Внезапно услышав эти приветствия, а затем и голос Меланьи, которая приглашала новых гостей за стол, бедная княжна вся оцепенела от ужаса. Здесь Демьян? И здесь его друг Ратмир – братец Светозары, которая языком своим длинным чешет и днём и ночью по всему Киеву? И они глядят сейчас на неё, княжну, лежащую голышом, с горящей свечой в непристойном месте? А ведь она – дочь великого князя, умница и красавица, предводительница всех ловких девушек в Киеве! Что же делать? Не повернуть ли голову? А что толку? Разве от этого меньше станет беда?
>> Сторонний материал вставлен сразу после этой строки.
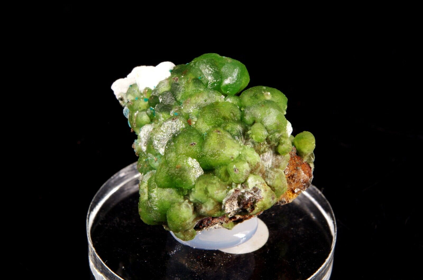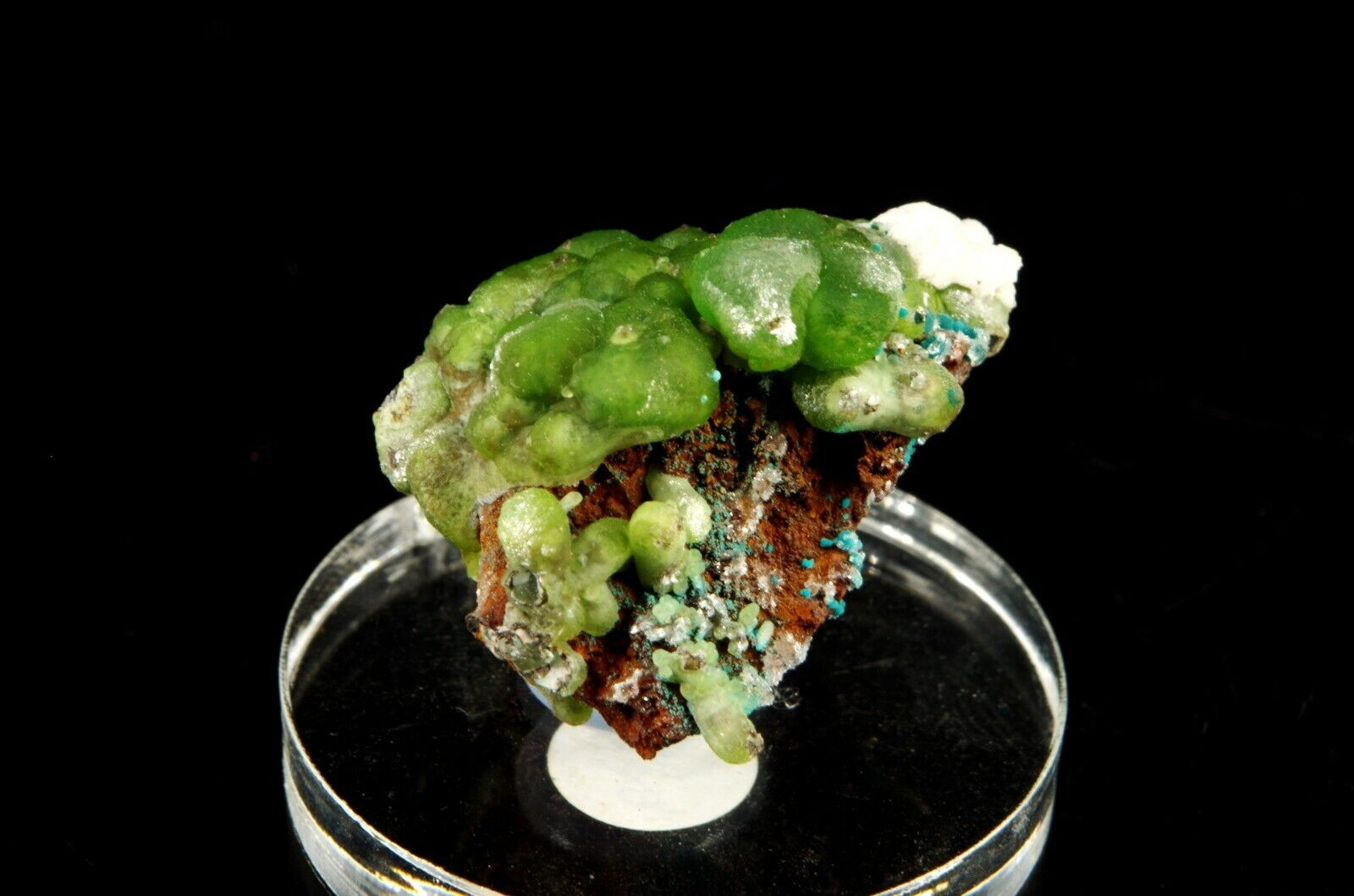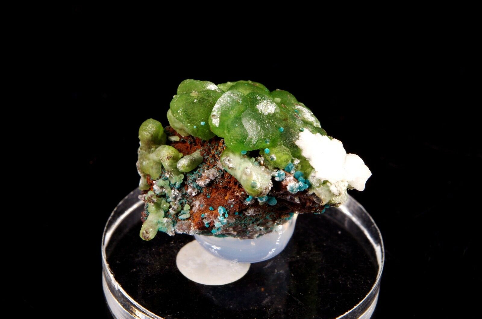 Magnifique combinaison de Cupro-Smithsonite lustrée vert vif parsemée de Rosasite bleue et recouvert d’une formation de calcite blanche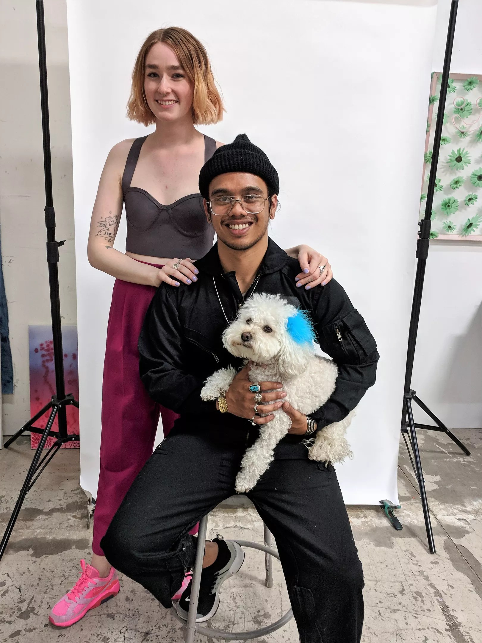 Meredith MacNicholas and Alexander Ablola with their studio dog, Leche.

Демьян и Ратмир молчали. Неудивительно! Они были потрясены. Девушки, напротив, не утихали, пытаясь им объяснить, что произошло. Но их языки уже заплетались. И тогда Настя, уткнувшись в лавку лицом, взяла на себя это непростое дело:

– Демьян, Ратмир! Всё здесь хорошо, всё в порядке! А что сказать кроме этого, я пока ещё не придумала.

– Ничего хорошего, – возразила Меланья, ставя пустую чашу на подлокотничек кресла. Она сидела в нём, поджав ноги, и вот теперь решила их вытянуть, чтобы сотники любовались не только тем, в чём торчала свечка. Но парни и не подумали оторваться от этого замечательного подсвечника даже после того, как пятки Меланьи вновь засверкали. Тогда она с досадой продолжила: – Княжна Настя не выучила псалом, решив вместо этого стать царицей в Константинополе! Столь греховное направление мыслей приводит к духовной смерти, которую вы сейчас лицезреете. Так ведь, Анастасия Владимировна?

– Я вовсе не собираюсь царицей быть! – возмутилась Настенька, – что ты брешешь?

Тут вдруг все начали хохотать, глядя на неё. Самое обидное было в том, что первым заржал Демьян! Три мерзких ничтожества за столом визгливо примкнули к этому непорядочному веселью, затем его поддержал Ратмир вместе с главной гадиной. У великой княжны от негодования горячо прихлынула кровь к лицу, которым она прижималась к лавке. Когда минут через пять все утихомирились, кроме, кажется, одной дуры-Таисьи, Настя воскликнула:

 

– Всех убью! Вы что, дураки? Кто вам разрешил меня злить?

– Долго она так пролежит? – спросил у Меланьи Ратмир.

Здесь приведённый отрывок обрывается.